When Italian photographer Fabio Bucciarelli boarded an overcrowded local train in Gevgelija, Macedonia, just across the Greek border, and embarked on a five-hour trip to Tabanovce, near the Serbian border, he felt an urgency to tell a different kind of story.
He wanted to move away from the images of overcrowded dinghies reaching Greek islands and of thousands of families walking along train tracks.
A photojournalist and recipient of the prestigious Robert Capa Gold Medal for his work Battle To Death on Syria’s civil war, Bucciarelli has often pursued the sort of photography that captures the bare reality as it unfolds before his lens. What he witnessed on a train to Tabanovce was no different: exhausted passengers packed into the seats and along narrow aisles as the train made its way northward. “If we think about those photographs that came out in those same days from the Balkans, those are photographs that show tension, clashes, people trying to escape; tired and distraught people,” he says.
But this time, Bucciarelli aimed to show a different dimension. He chose to portray his subjects devoid of any conventional attributions that would define them as anything other than men, women and children. “After documenting the breaking news of the refugees, I thought to produce a body of work that could decontextualize the refugee to make them more human,” he tells TIME. “So [I tried to represent] the humanity of refugees in their most intimate moment: during their sleep.”
The result is Dreaming Europe, a body of work whose intimate, subtle portraits document refugees as they find a moment of peace on their long and grueling journey. The project, which references Tim Hetherington’s Sleeping Soldiers series, forms the last chapter of a broader body of work, The Dream, started in 2011 and soon to be published by FotoEvidence, which chronicles the aftermath of the Arab Spring through the journey of refugees fleeing the Middle East and North Africa. “‘The Dream’ aims to explain and display the status of the migrants,” Bucciarelli says, “regardless of where they are escaping from or where they are going. [It is a project that] aims to describe a feeling and their status through a dreamlike journey.”
Bucciarelli underscores the importance of removing all elements of context from the portraits to emphasize the refugees’ precarious conditions as European leaders struggle to find a collaborative and definite way to address the crisis. “The [status] of the refugee is not completely clear yet,” says Bucciarelli. “The European Community still doesn’t know fully how to manage this crisis.”

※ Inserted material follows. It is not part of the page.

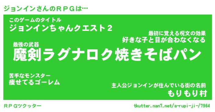 | 男性向けラノベタイトル風あだ名 | 『ジョンインの憂鬱』 |
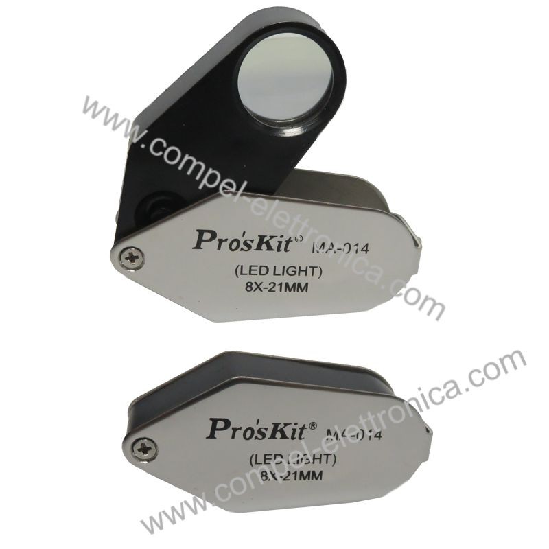 Descrizione: Lenti di ingrandimento con struttura in metallo a scomparsa. Iinterruttore di accensione interno on/off luce 1 led.

This feeling of uncertainty is highlighted by the name of the project itself. Having embarked on a perilous and draining journey with the hope of reaching Europe, these people are only halfway there. They rest for a moment, but their destination and fate are all but certain. “We imagine them dreaming, and clearly they are dreaming about the future, about Europe, about escaping the war, about a new hope.”